CARROLL-GIRARD SCREW 9.5CM
Report
- Report Number
- 0001032347-2022-00200
- Event Type
- Injury
- Date Received
- June 9, 2022
- Date of Event
- April 30, 2022
- Report Date
- July 8, 2022
- Manufacturer
- BIOMET MICROFIXATION
- Product Code
- HWI
- PMA / PMN Number
- N/A
- Removal / Correction Number
- N/A
- Adverse Event
- Yes
- Product Problem
- Yes
- Report Source
- Manufacturer report
- Reporter Location
- NC, US
- Reporter Occupation
- 003
Narratives
ZIMMER BIOMET COMPLAINT (B)(4). THE DEVICE WILL NOT BE RETURNED FOR ANALYSIS; HOWEVER, AN INVESTIGATION OF THE REPORTED EVENT IS IN PROGRESS. ONCE THE INVESTIGATION IS COMPLETED, A SUPPLEMENTAL MEDWATCH 3500A WILL BE SUBMITTED.

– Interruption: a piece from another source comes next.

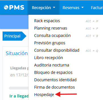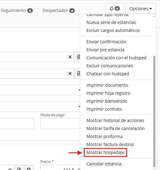 It is also possible to view the submission status to hospedajes from the reservations themselves, using the "Show hospedaje" option available in the stay options menu.

THIS FOLLOW-UP REPORT IS BEING SUBMITTED TO RELAY ADDITIONAL INFORMATION. NO PRODUCT WAS RETURNED OR PICTURES PROVIDED; VISUAL AND DIMENSIONAL EVALUATIONS COULD NOT BE PERFORMED. MEDICAL RECORDS WERE NOT PROVIDED. LOT IDENTIFICATION IS NECESSARY FOR REVIEW OF DEVICE HISTORY RECORDS, LOT IDENTIFICATION WAS NOT PROVIDED. A DEFINITIVE ROOT CAUSE CANNOT BE DETERMINED. IF ANY FURTHER INFORMATION IS FOUND WHICH WOULD CHANGE OR ALTER ANY CONCLUSIONS OR INFORMATION, A SUPPLEMENTAL WILL BE FILED ACCORDINGLY. ZIMMER BIOMET WILL CONTINUE TO MONITOR FOR TRENDS.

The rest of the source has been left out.